La communauté [haïtienne] devrait être indignée comme je le suis, affirme Frantz André, porte-parole de l’organisation Solidarité Québec-Haïti.

Il était ministre sous Jovenel Moïse, qui a été assassiné en juillet [2021]. On pense qu’il pourrait être mêlé à cet assassinat. Et qu’il vienne ici, au Canada, nous faire la leçon, à savoir qu’il faut un changement en Haïti…

On ne devrait pas admettre au Canada Claude Joseph, qui est selon nous un premier ministre illégitime et qui n’a toujours pas été blanchi de crimes, a poursuivi M. André. Il juge son successeur Ariel Henry tout aussi illégitime, puisqu’il a été nommé par un groupe de nations comprenant entre autres le Canada et les États-Unis.

Frantz André estime que la création d’EDE n’est rien de moins qu’une tentative de blanchiment de la réputation de l’ex-premier ministre en se distanciant du parti de Michel Martelly, dont il faisait partie jusqu’à tout récemment.

De toute façon, poursuit M. André, impossible de tenir des élections en Haïti présentement, en raison de la situation sécuritaire catastrophique. Des bandes criminelles contrôlent de grandes parties du pays, y compris le port par où transite la majeure partie du carburant.

Selon M. André, la sortie de crise ne passe pas par une nouvelle intervention militaire, mais plutôt par la Cour pénale internationale afin de poursuivre les individus, les partis, les groupes qui ont mené le pays là où il est.

Régime prédateur et criminel
Pour sa part, Monique Clesca, du Bureau de suivi de l’Accord de Montana, a peu de choses à dire sur Claude Joseph, mais dénonce avec véhémence son successeur Ariel Henry.

L’Accord de Montana, signé le 20 août 2021 par plusieurs parties civiles et formations politiques haïtiennes, visait à mettre en place un nouveau gouvernement provisoire à la suite de l’assassinat de M. Moïse, un mois plus tôt.

Mme Clesca explique que les tenants de l’accord jugent qu’Haïti est devenu un État prédateur qui ne satisfait pas les droits de la population.

Depuis l’arrivée d’Ariel Henry au poste de premier ministre, la situation a empiré. Il y a eu plusieurs massacres. M. Henry a un bilan absolument désastreux.

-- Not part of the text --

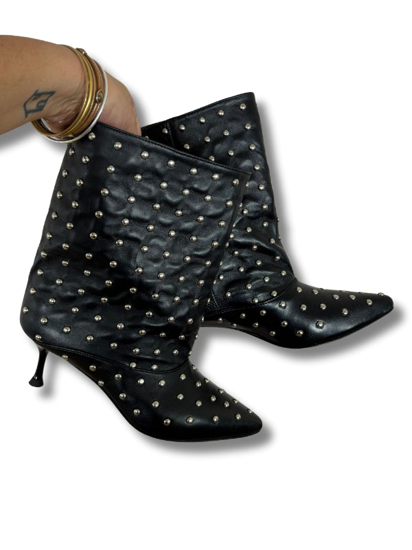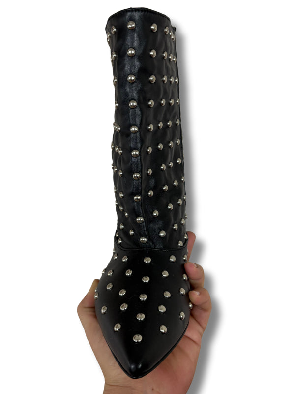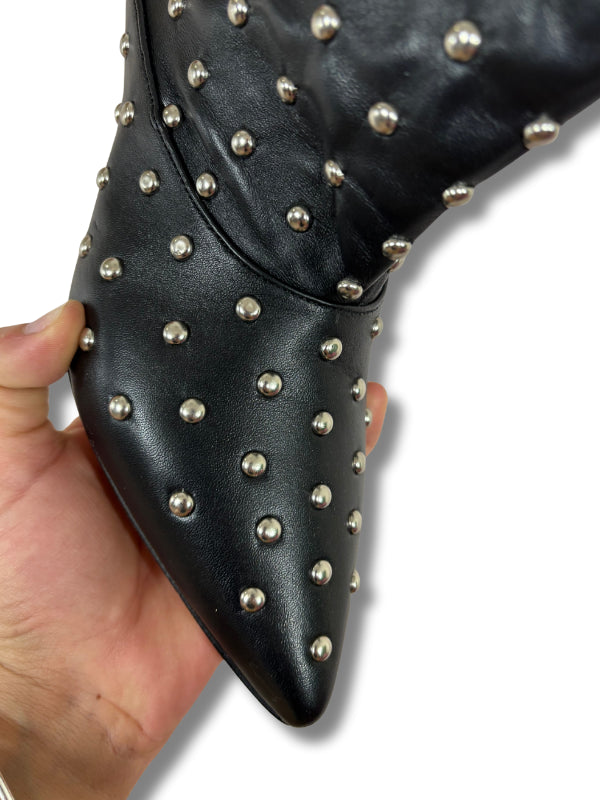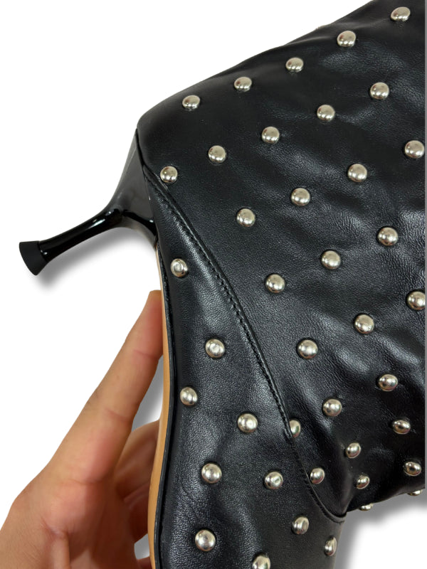 Stivaletto in nappa nera con borchie all over, gambale ampio, tacco fine 4 cm.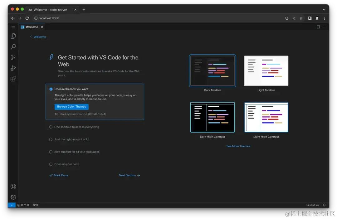 code-server支持用户对编辑器的界面和快捷键等进行自定义设置。此外,code-server还拥有丰富的扩展生态系统,扩展插件覆盖了语言支持、主题、代码片段和工作流程自动化等方面的功能,用户可以在code-server上安装VS Code的广泛扩展库,实现从VS Code到code-server的快速适应。

C’est un régime qui nous tue, qui continue à nous tuer, avec des viols et des viols collectifs, a ajouté Mme Clesca.

C’est un régime prédateur et criminel qui date d’au moins 11 années, poursuit celle qui invite à une rupture avec le genre d’État promu par Ariel Henry.

À ces ambitions, Claude Joseph répond que les signataires de l’accord sont, eux aussi, membres du « système ».